First, we know angle \( AOC = 45^\circ \), and we found angle \( BOA \approx 60^\circ \) (from part 1). So angle \( BOC = \angle BOA + \angle AOC = 60^\circ + 45^\circ = 105^\circ \)? Wait, no, arc BAC is from B to A to C, so the central angle is \( \angle BOA + \angle AOC \). Wait, but first, let's confirm angle \( BOA \). Wait, maybe my first calculation was wrong. Wait, let's use the arc length formula again. Wait, \( s = r\theta \) (theta in radians). So \( \theta = s/r = 8.4/8 = 1.05 \) radians. Convert to degrees: \( 1.05 \times (180/\pi) \approx 60.16^\circ \approx 60^\circ \). Then angle \( BOC = 60^\circ + 45^\circ = 105^\circ \). Now, the length of arc BAC is the length of arc BA plus arc AC. Arc AC: central angle \( 45^\circ \), radius 8 cm. Arc length of AC: \( s_{AC} = \frac{45^\circ}{360^\circ} \times 2\pi \times 8 = \frac{1}{8} \times 16\pi = 2\pi \approx 6.283 \) cm. Arc BA is 8.4 cm. So total arc BAC: \( 8.4 + 6.283 \approx 14.683 \approx 14.7 \) cm? Wait, but maybe the central angle for BAC is \( \angle BOC \), which is \( \angle BOA + \angle AOC \). Wait, if \( \angle BOA \) is \( \theta \), then \( \angle BOC = \theta + 45^\circ \). Let's use the arc length formula for BAC: \( s_{BAC} = \frac{\theta + 45^\circ}{360^\circ} \times 2\pi r \). We know \( \theta = 8.4/(2\pi r/360) \)? Wait, no, let's do it properly.
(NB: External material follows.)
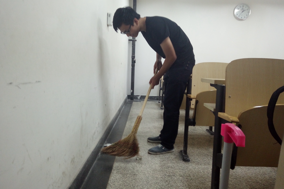 10月15日下午2点,由成人直播 本科14级部分入党积极分子组成的“钢铁侠”志愿服务队开展了新学期的第二次志愿活动――冶金楼打扫。在赵建行同学的带领下,小组成员共十一人对冶金楼110、201、202、203四个教室进行了清扫。
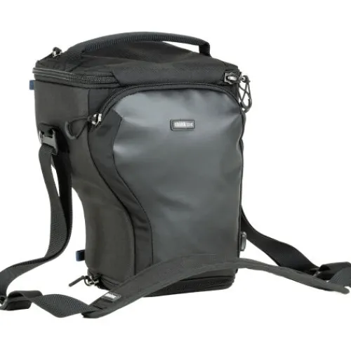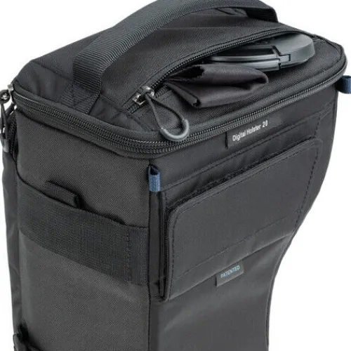Protect and carry your camera with the V3 Digital Holster 20 from Think Tank Photo, designed to fit a standard mirrorless body with a 24-70mm lens attached and the hood reversed. The “pop down” feature allows the holster to expand, accommodating a 70-200mm f/2.8 lens with its hood reversed. A removable soft divider helps protect your camera’s LCD screen from the strap. Carry it using the top handle, wear it over your shoulder with the removable nonslip strap, or attach it to your belt via the rear loop for convenient access.

Wait, maybe the first part's angle \( BOA \) is 67 degrees (from the options). Let's check: if \( \theta = 67^\circ \), convert to radians: \( 67 \times (\pi/180) \approx 1.17 \) radians. Then arc length \( s = r\theta = 8 \times 1.17 \approx 9.36 \) cm, which is not 8.4. So that's not right. Wait, maybe the arc length formula was misapplied. Wait, no, \( s = r\theta \) (theta in radians) is correct. So \( \theta = 8.4/8 = 1.05 \) radians \( \approx 60^\circ \), so arc length of BA is 8.4, which matches. Then arc AC: central angle 45 degrees, so arc length \( s_{AC} = (45/360) \times 2\pi \times 8 = (1/8) \times 16\pi = 2\pi \approx 6.28 \) cm. Then total arc BAC: \( 8.4 + 6.28 = 14.68 \approx 14.7 \) cm.

But let's go back to the first part. The options for angle BOA are 45, 60, 67. Let's check 67 degrees: arc length would be \( s = r\theta = 8 \times (67 \times \pi/180) \approx 8 \times 1.17 \approx 9.36 \) cm, which is not 8.4. 60 degrees: \( s = 8 \times (60 \times \pi/180) = 8 \times (\pi/3) \approx 8.377 \) cm, which is approximately 8.4 cm (rounded). Ah! So \( 8 \times (\pi/3) \approx 8.377 \approx 8.4 \) cm. So angle \( BOA = 60^\circ \) (since \( \theta = 60^\circ = \pi/3 \) radians, \( s = 8 \times \pi/3 \approx 8.377 \approx 8.4 \) cm). That makes sense. So angle \( BOA = 60^\circ \).

Now, for arc BAC: central angle is \( \angle BOA + \angle AOC = 60^\circ + 45^\circ = 105^\circ \). Now, calculate the arc length:

Step 1: Convert angle to radians

\( 105^\circ = 105 \times \frac{\pi}{180} = \frac{7\pi}{12} \) radians.

Step 2: Calculate arc length

Using \( s = r\theta \), where \( r = 8 \) cm and \( \theta = \frac{7\pi}{12} \) radians:

\( s = 8 \times \frac{7\pi}{12} = \frac{56\pi}{12} = \frac{14\pi}{3} \approx \frac{14 \times 3.1416}{3} \approx \frac{43.9824}{3} \approx 14.6608 \approx 14.7 \) cm.

Answer:

s:

Part 1: Measure of angle \( BOA \)

The measure of angle \( BOA \) is \( \boldsymbol{60^\circ} \) (since \( 8 \times \frac{\pi}{3} \approx 8.4 \) cm, which matches the arc length, so \( \theta = 60^\circ \)).

Part 2: Length of arc \( BAC \)

The length of arc \( BAC \) is approximately \( \boldsymbol{14.7} \) cm.